Skip forward a few years and here I am in the film studio, advising John that some of the containers they have in the fake mortuary aren’t perfect but they will probably do. However, I do draw the line at one thing: this wonderful prosthetic corpse they’ve had made to resemble the actress Olwen, who plays the deceased main character, has something wrong with its forehead. Questioning this while bending down and looking closer, I learn that the production team assumed that brains are removed at autopsy by lopping off the top of cadavers’ heads in one fell swoop◦– skin, skull and all. Picture, if you will, the scene from the film Hannibal in which Anthony Hopkins eats the brain out of the live, but drugged, Ray Liotta, and it looks a bit like a flat pink cactus in a plant pot. That’s what the crew envisaged as part of the autopsy.

I stand up in disbelief and explain to John that there’s a vast difference between their idea and what we actually do during the procedure. The imagery they clearly have in their heads is one of a kitsch Frankenstein’s monster with his horizontal forehead slash and exaggerated stitches. Do the general public really assume that when we carry out an autopsy we access the brain via the deceased’s forehead then roughly stitch it back together with thick black string? Do they think that sometimes, if the mood takes us, we throw in a couple of neck bolts too?

It makes me worry about the reputation morticians and anatomists have in general◦– as if members of the public never really got past the idea that we all look and act like a mad scientist’s assistant named Igor, hell-bent on mutilating corpses and storing bits of them in jars for no reason other than to create a cupboard full of pathology-themed lava lamps. Films like Re-animator and Young Frankenstein give the tongue-in-cheek impression that dissection and organ retention are done for nefarious and selfish purposes such as trying to discover the secret of everlasting life or create the perfect woman, and not for the greater good.
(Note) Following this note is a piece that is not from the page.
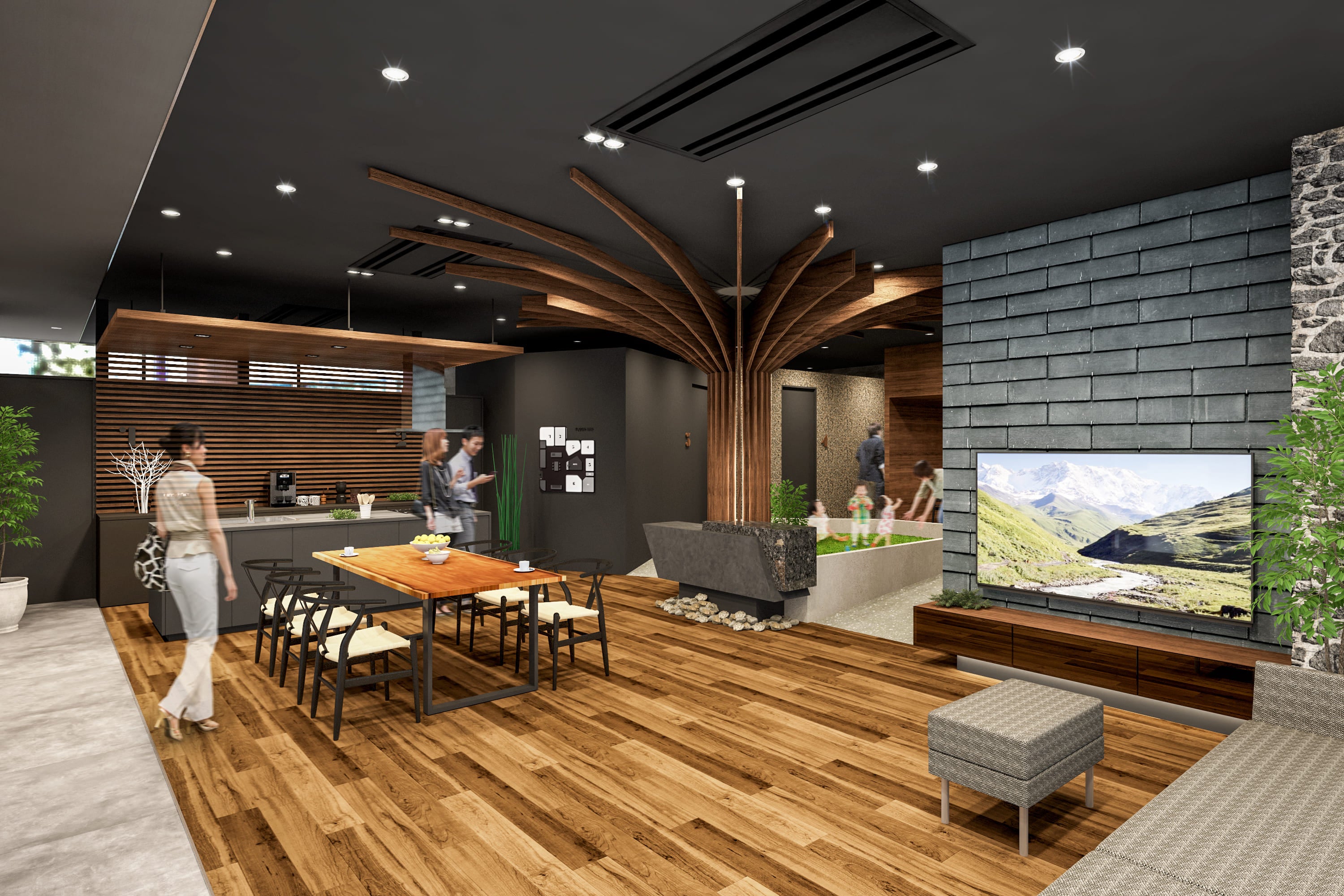 また、大樹の下にはお子様を預かるキッズスペースを完備しており、打合せに集中することができる空間を創出。

Does it matter? Well, one would hope that when laymen read crime procedural novels or watch forensic-based TV shows they could separate reality from media fantasy and understand that sometimes clichés are perpetuated by writers or producers because they lend a certain dramatic or sexy element to an otherwise mundane scene. Obvious examples are the attractive women of CSI attending crime scenes with their perfectly styled hair waving in the breeze created by the fan placed at the edge of the set◦– and don’t get me started on their low-cut tops and high-heeled shoes. Everyone knows that in real life CSIs (crime scene investigators) and SOCOs (scene of crime officers) have to wear white Tyvek suits and masks to prevent their own DNA being transferred to the crime scene, don’t they? Unfortunately, not everyone does, and when there are production companies working to create drama these seemingly harmless additions and artistic licences carelessly perpetuate the macabre or simply lax reputation of mortuaries and their staff.